Amid the shattering glass, He smiles at the forms and shapes That dance upon the hurtling shards, Like a sunset fragmented Across the horizon.

For a moment, Arches, spires, columns Arrange themselves At speeds unholy By arts unknown. Kingdoms of the elsewhere, Unimagined republics, Crackling with strife, Living and dying all at once.

But within this swirling basin, No great chain reanimates Of bodies corporate, Glinting with incarnate crowns. Their pastures do not throng into Heaven. Nor do their phantasms stream into stone. No, the vaults of those solemn architects Do not mingle with the stars.

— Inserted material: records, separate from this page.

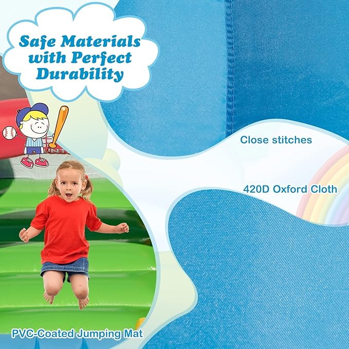 - 【Durable & Extra Thick Material】 Our inflatable bounce house is made of heavy-duty puncture proof and wear resistant 420D Extra Thick Oxford to ensure the safety of the kids, while the bouncing area adopting extra thick PVC-coated Oxford to strengthen its ultimate durability. With durable sewn and extra thick material, the jumping castle could accommodate multiple kids to play together. The jumping area is surrounded by ventilative netting to give your kids protection.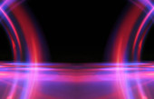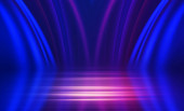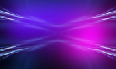 Ciemne abstrakcyjne tło. Neonowy wielobarwny blask. Nocne przyjęcie, pokaz laserowy. Puste tło sceny koncertowej, odbicie światła reflektorów.
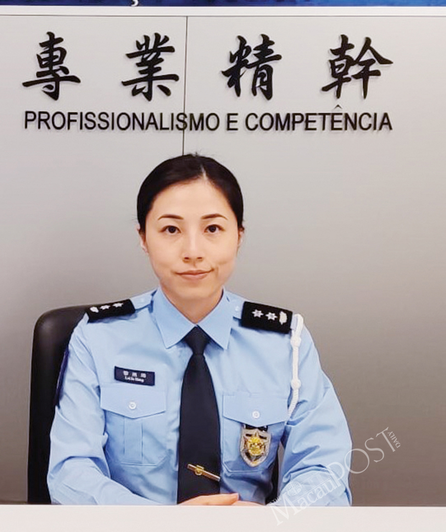 Public Security Police (PSP) spokeswoman Lai In Hong looks on during a regular press conference yesterday. – Photo: William Chan

And yet, a far off country can be seen In hazy outlines of possibility. Memories of a future lost, Their fragments recovered only In cracks and hisses Between transmissions: “I will come. But not yet.” Instead, powers undreamt of fill the air. Managers of the sovereign void, Mark divisions over the globe Dripping circuits of gleaming slime. Pulsating, but not breathing, They restrain vast winds and waters, With grim institutes, Bringing forth a new desert Its vitreous diadem restored.

All that was before, And all that comes after Are useless to him. His life is spent In those moments of collapse. Each one a private Valhalla Every shard enshrined. And the hoary gods lead him Up avenues, through gardens, In the dying light, To take his place Among the statuary In the final alcove.